NVIDIA's AI Grip Loosens? Cooling, Cost Push ASICs

Silicon’s tipping point.

Look, Jensen Huang has been masterful at painting NVIDIA’s GPUs as the undisputed kings of AI, a narrative built on raw performance and efficiency claims that are, frankly, dazzling. The company’s been quick to tout the superior total cost of ownership (TCO) of its hardware, and who can blame them? When you’re talking about accelerating massive training runs, those raw throughput numbers are intoxicating. But what happens when the party moves from the controlled environment of a research lab to the gritty, cost-conscious reality of hyperscale data centers? That’s where things, as Evercore ISI’s latest analysis suggests, get significantly more complicated—and potentially, a lot less NVIDIA-centric.

Is Performance-per-Watt Enough Anymore?

It’s easy to get swept up in the numbers. Morgan Stanley recently dropped a note suggesting that even if building a data center with NVIDIA’s Blackwell GPUs cost twice as much upfront as using custom AI chips, the performance-per-watt advantage was a staggering eightfold. That sounds like a slam dunk for NVIDIA, right? Well, Evercore’s digging suggests that while the engineers building these AI behemoths hear those stats, they’re not necessarily believing them to be the only, or even the most important, metrics on the table. It turns out that actual humans wrestling with racks of hardware are increasingly focused on a slightly different set of concerns—concerns that don’t always shine a flattering light on NVIDIA’s behemoth chips.

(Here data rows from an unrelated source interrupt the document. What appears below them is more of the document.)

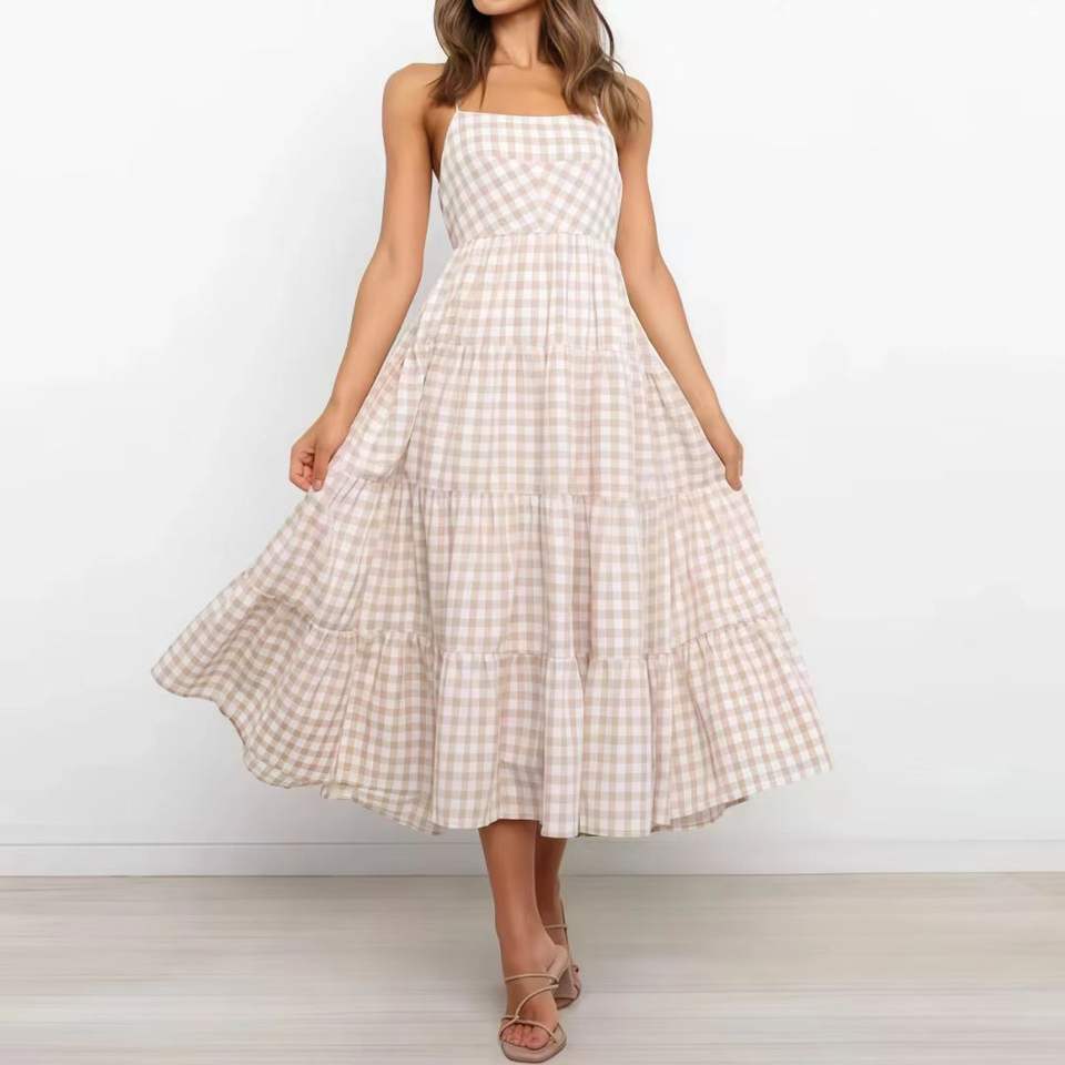 ชุดเดรสชายหาดยาวแบบจีบชั้นๆ ผ้าชีฟองเนื้อแน่น ตกแต่งระบาย ไหล่เดี่ยว เปิดหลัง เอวสูง สไตล์ลำลองหรูหราสำหรับผู้หญิง ฤดูร้อน
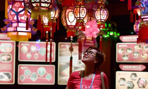 A visitor looks at Quanzhou-style lanterns during an exhibition on intangible cultural heritages along the ancient Maritime Silk Road in Quanzhou, southeast China's Fujian Province, Nov. 23, 2019. The city of Quanzhou is widely believed to be the starting point of the ancient Maritime Silk Road. (Xinhua/Wei Peiquan)
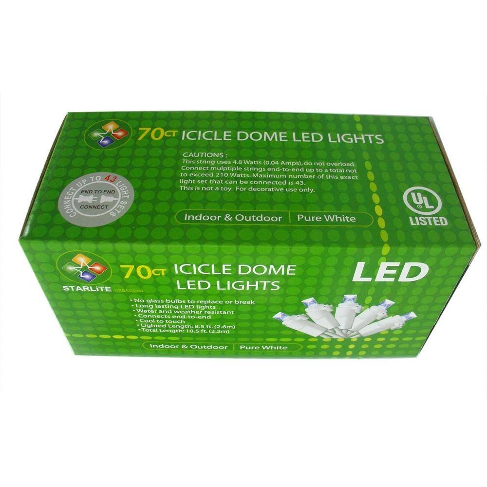 Decorate your Christmas and holiday celebrations with the Starlite Creations 70-Light LED Cold White Dome Icicle Light Set. The dome design reflects light in all directions, so it offers a brighter shine. Connect up to 43 sets to create up to 450 ft. of string lights with more than 3000 LEDs.

AI engineers are also focused on other metrics, such as the cost of cooling the chips, when deciding which products to use.

This isn’t just about a few engineers grumbling in a Slack channel. This is about a fundamental architectural and economic shift happening beneath the surface of the AI gold rush. The transition from a training-heavy workload to an inference-dominated landscape is fundamentally altering the calculus for hyperscalers. Think about it: training is about brute force, pushing the limits of what’s possible. Inference, on the other hand, is about efficiency, about delivering results at scale, cost-effectively, and with a predictable ROI. This is where the “cost-per-token” metric, a phrase that barely registered a year ago, is now becoming the siren song for chip architects.

The ‘Good Enough’ Revolution is Here

Evercore’s report articulates this shift with a clarity that cuts through the usual industry hype. They’re pointing to a growing sentiment among AI engineers that NVIDIA’s perceived 70% gross margins might be… excessive. When you’re running millions, perhaps billions, of inference queries a day, those percentage points add up, fast. Suddenly, the dazzling performance of an NVIDIA chip starts to look less like a breakthrough and more like an overpriced luxury item. This is the breeding ground for custom ASICs (Application-Specific Integrated Circuits) and other alternative accelerators. These aren’t necessarily aiming to beat NVIDIA’s top-tier training chips head-on; instead, they’re designed to be “good enough” for inference, while significantly undercutting NVIDIA on power consumption, cooling requirements, and, crucially, cost. An expert from Nebius AI, a cloud computing infrastructure provider, even noted that inference now accounts for a staggering 95% of enterprise AI workloads. When you’re spending that much time inferring, every watt and every dollar counts.

This presents a fascinating historical parallel, albeit on a compressed timescale. We saw something similar in the early days of cloud computing, where bespoke hardware solutions often emerged to optimize for specific workloads and cost profiles, challenging the dominance of off-the-shelf components. The difference here is the sheer speed and scale at which this is happening in the AI domain. It’s a proof to the economic pressures and the rapidly maturing understanding of AI workloads that engineers are willing to trade that last 5% of peak performance for a far more palatable 50% of the TCO, or perhaps even less.

So, while NVIDIA continues to innovate at a blistering pace—and we certainly shouldn’t count them out—this analysis from Evercore provides a vital counter-narrative. It’s a reminder that the AI hardware landscape isn’t a static oligopoly dictated by a single dominant player. It’s a dynamic, evolving ecosystem where economic realities, operational constraints like cooling, and the relentless pursuit of efficiency are increasingly shaping the choices of the very engineers who are building the future.